◆ **Problem to solve**
In the entries below, begin at the line with "The palace was" and stop after the line with "Для отделки стен"; output those lines exactly and omit the pictures.

◆ **Data to use**
*** Block opens ***

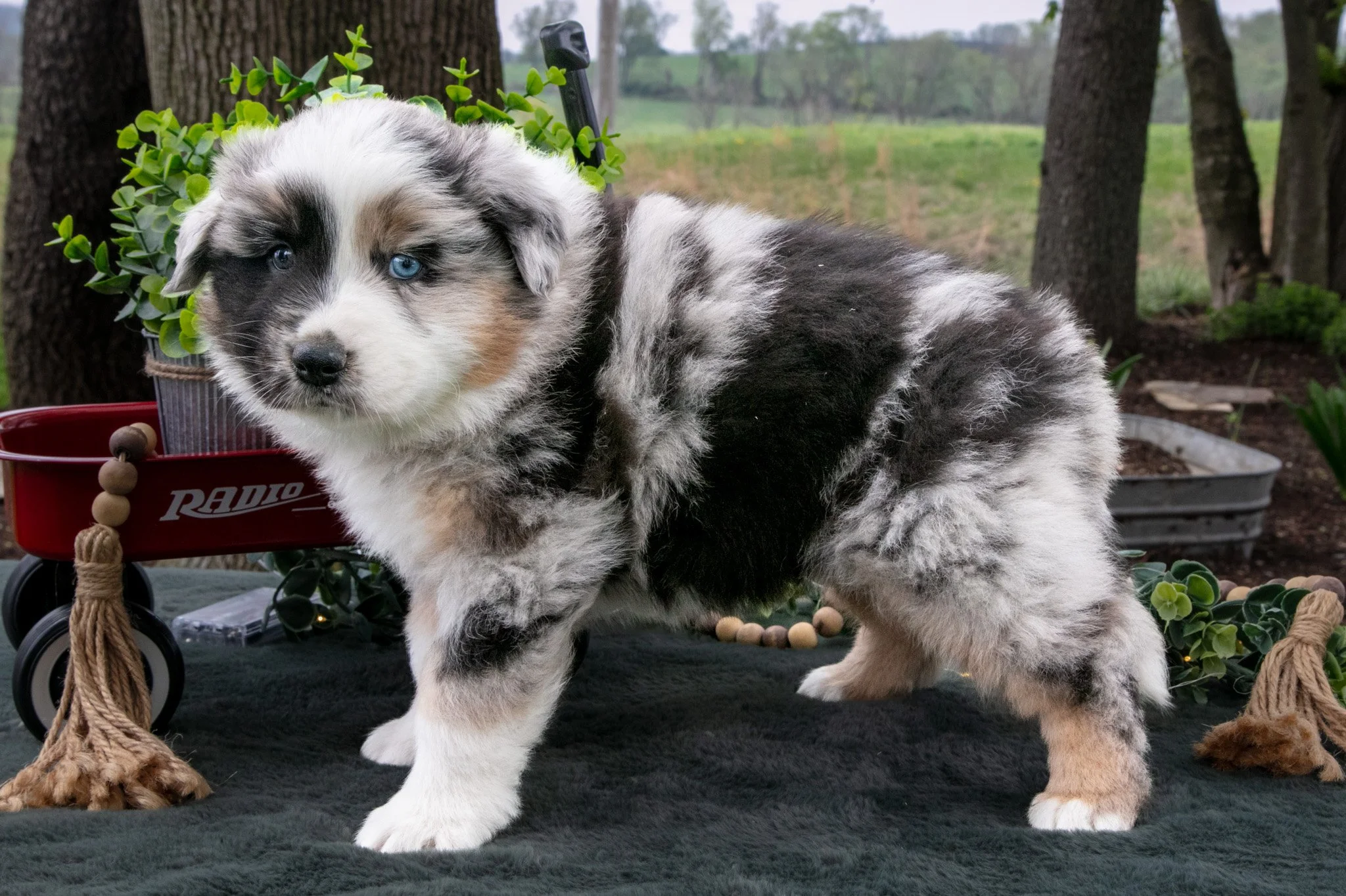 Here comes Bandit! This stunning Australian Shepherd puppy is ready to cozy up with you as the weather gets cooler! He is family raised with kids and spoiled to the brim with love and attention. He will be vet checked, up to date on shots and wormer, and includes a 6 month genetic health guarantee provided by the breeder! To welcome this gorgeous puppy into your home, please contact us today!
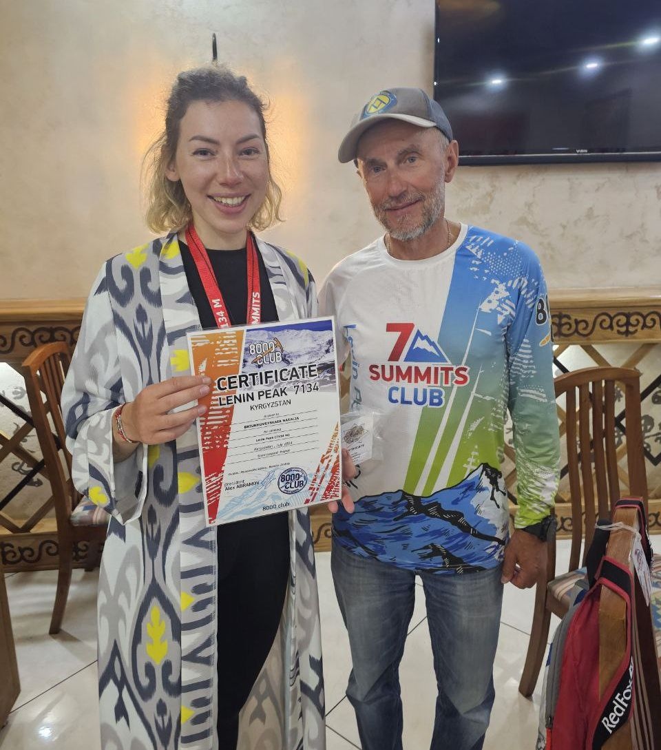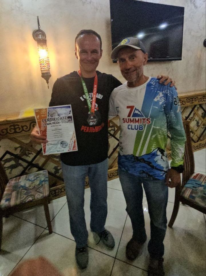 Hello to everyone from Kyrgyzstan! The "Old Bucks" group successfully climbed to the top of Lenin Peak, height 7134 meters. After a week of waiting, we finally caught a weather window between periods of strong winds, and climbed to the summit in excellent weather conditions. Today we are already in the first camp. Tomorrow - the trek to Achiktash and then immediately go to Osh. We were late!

*** Block closes ***
*** Block opens ***

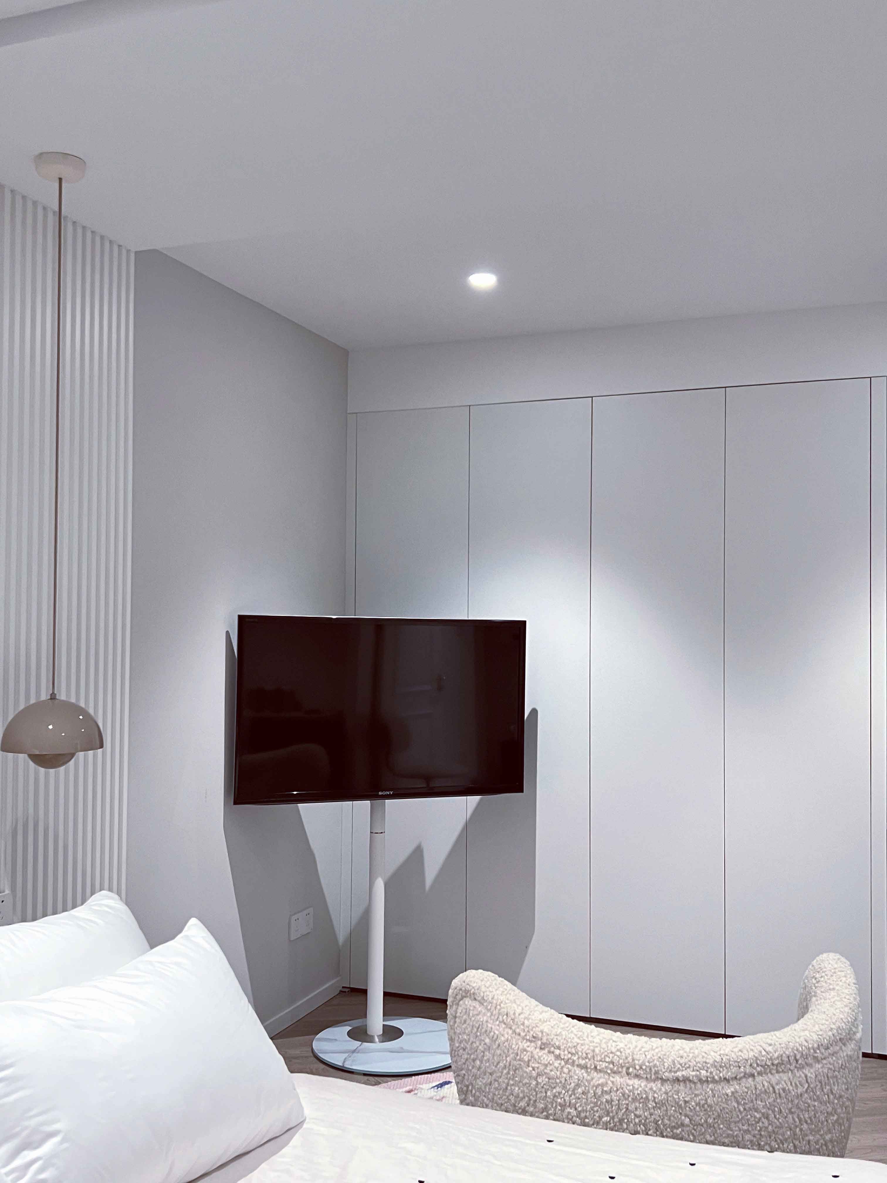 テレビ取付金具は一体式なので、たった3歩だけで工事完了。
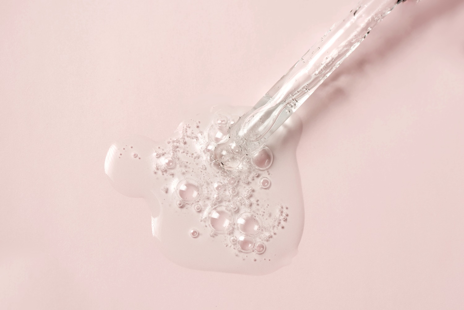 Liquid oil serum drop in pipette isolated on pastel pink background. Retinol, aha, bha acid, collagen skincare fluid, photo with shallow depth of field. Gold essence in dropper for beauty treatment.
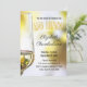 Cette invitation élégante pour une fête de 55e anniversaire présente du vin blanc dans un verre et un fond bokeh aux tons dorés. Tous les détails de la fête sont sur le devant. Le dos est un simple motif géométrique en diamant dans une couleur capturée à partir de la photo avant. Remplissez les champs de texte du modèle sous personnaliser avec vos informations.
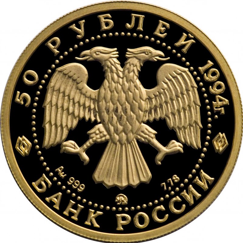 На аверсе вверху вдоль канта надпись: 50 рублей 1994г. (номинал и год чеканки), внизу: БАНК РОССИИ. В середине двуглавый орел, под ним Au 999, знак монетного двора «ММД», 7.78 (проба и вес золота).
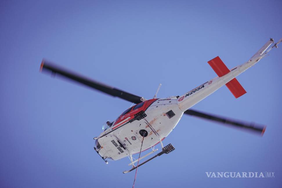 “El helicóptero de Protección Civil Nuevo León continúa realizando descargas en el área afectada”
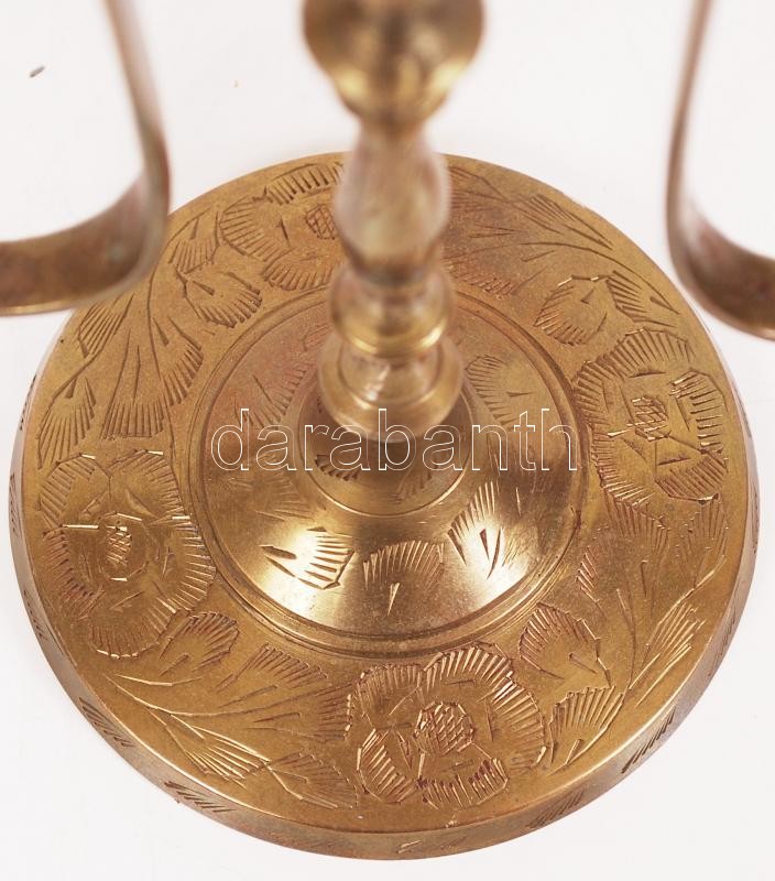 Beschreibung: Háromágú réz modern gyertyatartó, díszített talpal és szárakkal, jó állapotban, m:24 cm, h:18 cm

*** Block closes ***
*** Block opens ***

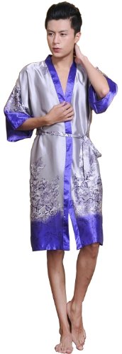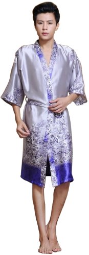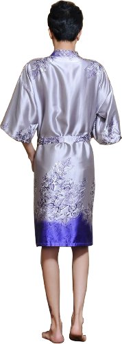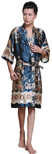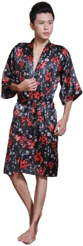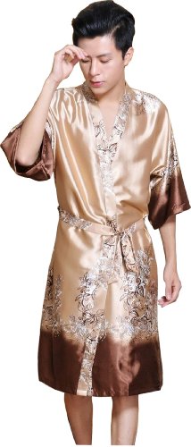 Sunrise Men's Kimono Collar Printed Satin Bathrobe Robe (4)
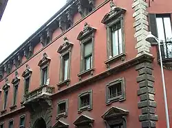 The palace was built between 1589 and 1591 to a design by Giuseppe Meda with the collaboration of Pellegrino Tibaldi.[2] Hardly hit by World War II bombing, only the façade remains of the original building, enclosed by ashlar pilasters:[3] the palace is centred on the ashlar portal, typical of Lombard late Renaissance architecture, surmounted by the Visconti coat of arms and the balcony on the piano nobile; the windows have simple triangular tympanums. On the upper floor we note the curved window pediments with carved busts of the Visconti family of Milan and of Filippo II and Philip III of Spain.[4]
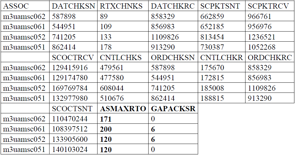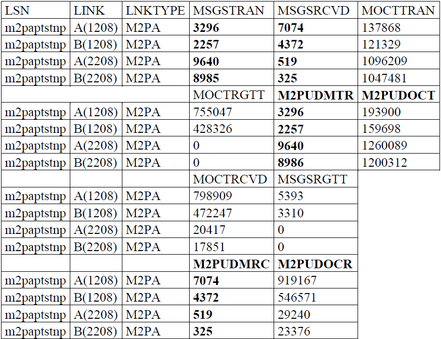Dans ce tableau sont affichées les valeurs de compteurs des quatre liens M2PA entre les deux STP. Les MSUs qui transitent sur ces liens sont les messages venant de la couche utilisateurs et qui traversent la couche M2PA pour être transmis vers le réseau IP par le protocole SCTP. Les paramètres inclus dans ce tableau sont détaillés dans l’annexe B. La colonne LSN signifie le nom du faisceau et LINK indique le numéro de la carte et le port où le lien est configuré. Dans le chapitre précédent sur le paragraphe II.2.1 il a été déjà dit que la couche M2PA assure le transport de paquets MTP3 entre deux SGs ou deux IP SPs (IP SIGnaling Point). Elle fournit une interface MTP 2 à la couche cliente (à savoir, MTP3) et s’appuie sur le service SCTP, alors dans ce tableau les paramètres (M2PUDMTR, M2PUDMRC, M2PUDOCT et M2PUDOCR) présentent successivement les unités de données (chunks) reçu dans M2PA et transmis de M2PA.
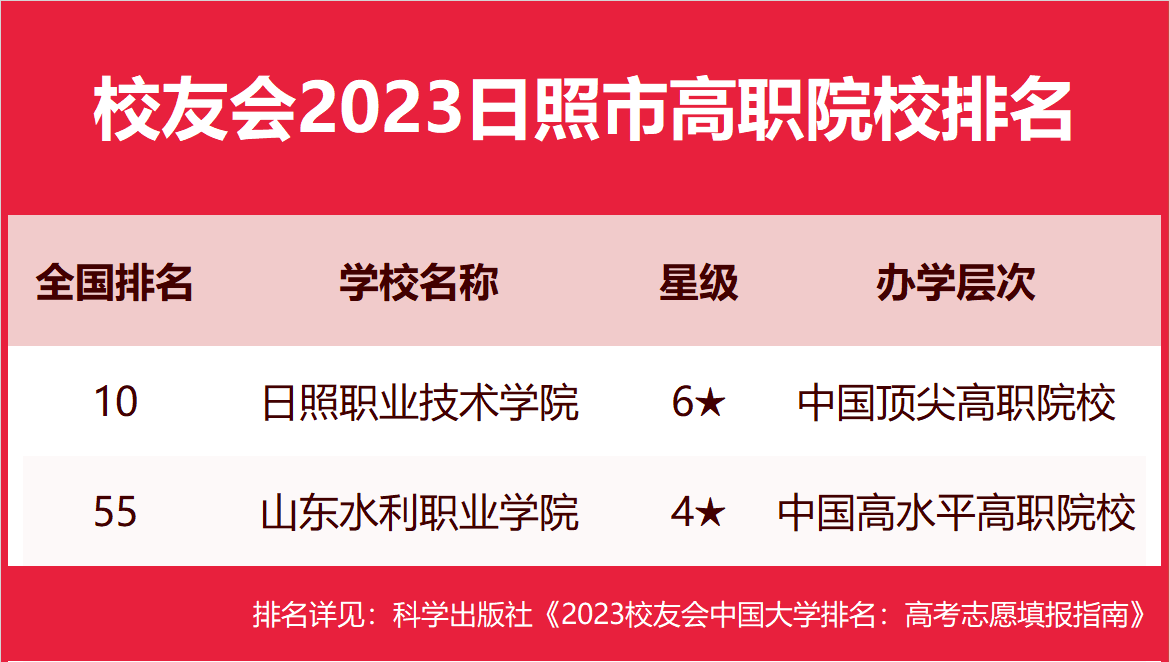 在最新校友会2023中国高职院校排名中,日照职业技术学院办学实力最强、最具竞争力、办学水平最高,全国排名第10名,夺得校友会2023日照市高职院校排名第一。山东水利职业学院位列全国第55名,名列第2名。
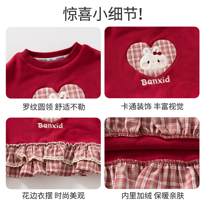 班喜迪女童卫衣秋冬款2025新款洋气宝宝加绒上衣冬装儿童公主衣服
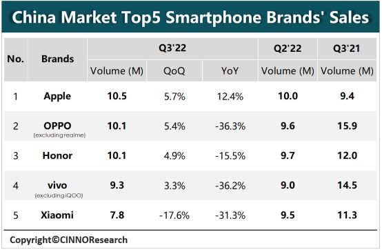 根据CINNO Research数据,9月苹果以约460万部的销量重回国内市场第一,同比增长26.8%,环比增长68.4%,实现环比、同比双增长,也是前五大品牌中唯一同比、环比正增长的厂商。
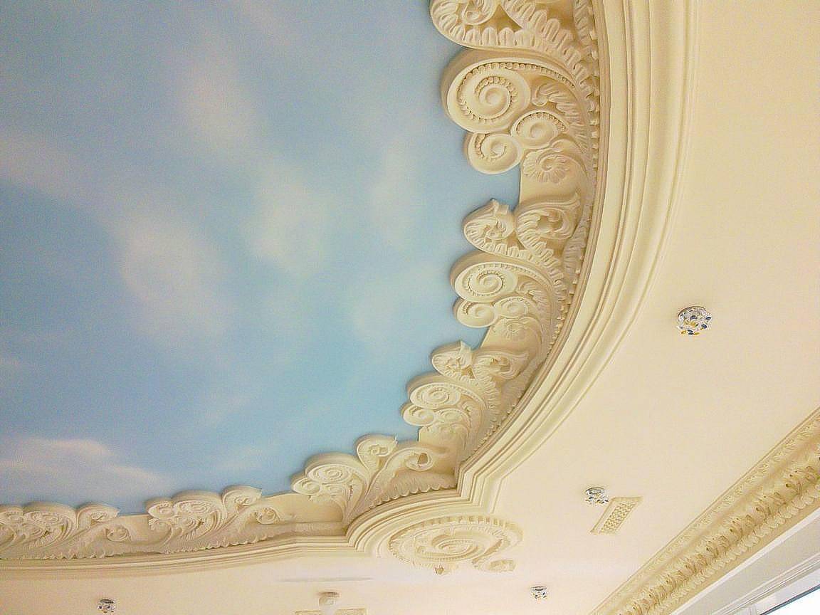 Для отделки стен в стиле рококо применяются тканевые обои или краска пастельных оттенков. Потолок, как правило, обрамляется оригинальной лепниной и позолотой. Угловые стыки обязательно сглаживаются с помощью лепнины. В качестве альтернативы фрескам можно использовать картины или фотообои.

*** Block closes ***

◆ **Answer to the exercise**
 The palace was built between 1589 and 1591 to a design by Giuseppe Meda with the collaboration of Pellegrino Tibaldi.[2] Hardly hit by World War II bombing, only the façade remains of the original building, enclosed by ashlar pilasters:[3] the palace is centred on the ashlar portal, typical of Lombard late Renaissance architecture, surmounted by the Visconti coat of arms and the balcony on the piano nobile; the windows have simple triangular tympanums. On the upper floor we note the curved window pediments with carved busts of the Visconti family of Milan and of Filippo II and Philip III of Spain.[4]
Dans ce tableau sont affichées les valeurs de compteurs des quatre liens M2PA entre les deux STP. Les MSUs qui transitent sur ces liens sont les messages venant de la couche utilisateurs et qui traversent la couche M2PA pour être transmis vers le réseau IP par le protocole SCTP. Les paramètres inclus dans ce tableau sont détaillés dans l’annexe B. La colonne LSN signifie le nom du faisceau et LINK indique le numéro de la carte et le port où le lien est configuré. Dans le chapitre précédent sur le paragraphe II.2.1 il a été déjà dit que la couche M2PA assure le transport de paquets MTP3 entre deux SGs ou deux IP SPs (IP SIGnaling Point). Elle fournit une interface MTP 2 à la couche cliente (à savoir, MTP3) et s’appuie sur le service SCTP, alors dans ce tableau les paramètres (M2PUDMTR, M2PUDMRC, M2PUDOCT et M2PUDOCR) présentent successivement les unités de données (chunks) reçu dans M2PA et transmis de M2PA.
 在最新校友会2023中国高职院校排名中,日照职业技术学院办学实力最强、最具竞争力、办学水平最高,全国排名第10名,夺得校友会2023日照市高职院校排名第一。山东水利职业学院位列全国第55名,名列第2名。
 班喜迪女童卫衣秋冬款2025新款洋气宝宝加绒上衣冬装儿童公主衣服
 根据CINNO Research数据,9月苹果以约460万部的销量重回国内市场第一,同比增长26.8%,环比增长68.4%,实现环比、同比双增长,也是前五大品牌中唯一同比、环比正增长的厂商。
 Для отделки стен в стиле рококо применяются тканевые обои или краска пастельных оттенков. Потолок, как правило, обрамляется оригинальной лепниной и позолотой. Угловые стыки обязательно сглаживаются с помощью лепнины. В качестве альтернативы фрескам можно использовать картины или фотообои.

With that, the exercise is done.